Однако я почему-то не могла оставить эту историю, не решив для себя последний вопрос.
Однажды, в другое время и в другой книге, в рассказе одной из поэтесс серебряного века, я прочитала, что человек несёт моральную вину за преступление лишь в том случае, если он сам в своём праве "усомнился" – и, значит, всё решает внутреннее сознание вины, то, сомневался ли человек в своём праве поступать так, как он поступил.
С Якобом мы так долго шли в тот день через парк внутри кремлёвской стены, а потом спускались по склону к реке, что многое успело произойти за это время – будто целая жизнь прошла, и мы с Якобом, войдя в ворота парка чужими людьми, мужчиной и девушкой, у которых было довольно формальное первое свидание, спустились, наконец, к реке, вышли из-под тени деревьев на залитый солнцем тротуар нижней набережной, став другими – взрослым женихом и его юной невестой, мы были вместе. Как будто время внутри парка, внутри кремлёвской стены, текло по-другому, и внутри прошло гораздо больше времени, чем снаружи.

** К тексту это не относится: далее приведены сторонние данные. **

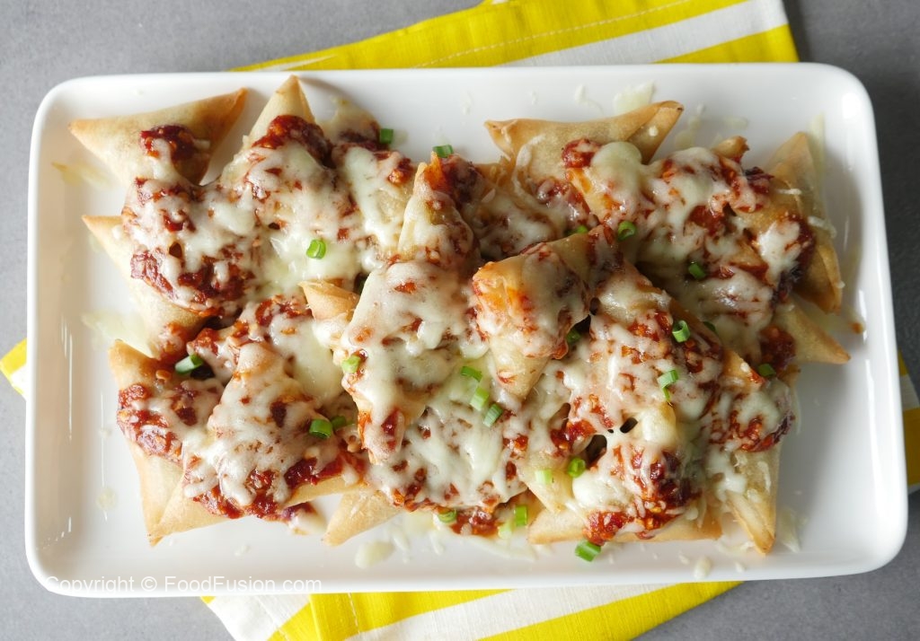 Serving paltter mein fried samosa rakh ker tayyar fire sauce pour karein.

Только на набережной наше свидание снова потекло так, как ему и было положено, и мы вернулись к разговору, может быть, даже впервые начали его, потому что приблизиться друг к другу среди слов и понятий, на вербальном уровне, нам было намного сложнее. Здесь между нами по-прежнему была пропасть.
Мне казалось, я помнила теперь, как Якоб сказал: "Четырнадцать? Ты говорила, что тебе пятнадцать?"
"Нет, я этого не говорила. Мне четырнадцать," – ответила я.
Он предположил, что, возможно, мне скоро будет пятнадцать.
Я ответила, что нет, и мне в июле, месяц назад, только исполнилось четырнадцать.
Если память теперь не подводила меня, получалось, что даже тогда он ещё ничего обо мне не знал. Может быть, накануне он думал, что я старше, может быть, думал даже, что мне скоро исполнится шестнадцать.
Теперь, когда я думала и думала об этом, словно бродя по кругу, это напоминало математику, алгебру: четырнадцать лет минус второй день, пятнадцать лет – плюс первый. Я теперь без конца что-то подсчитывала. Был ли он виноват? Ощущал ли свою вину?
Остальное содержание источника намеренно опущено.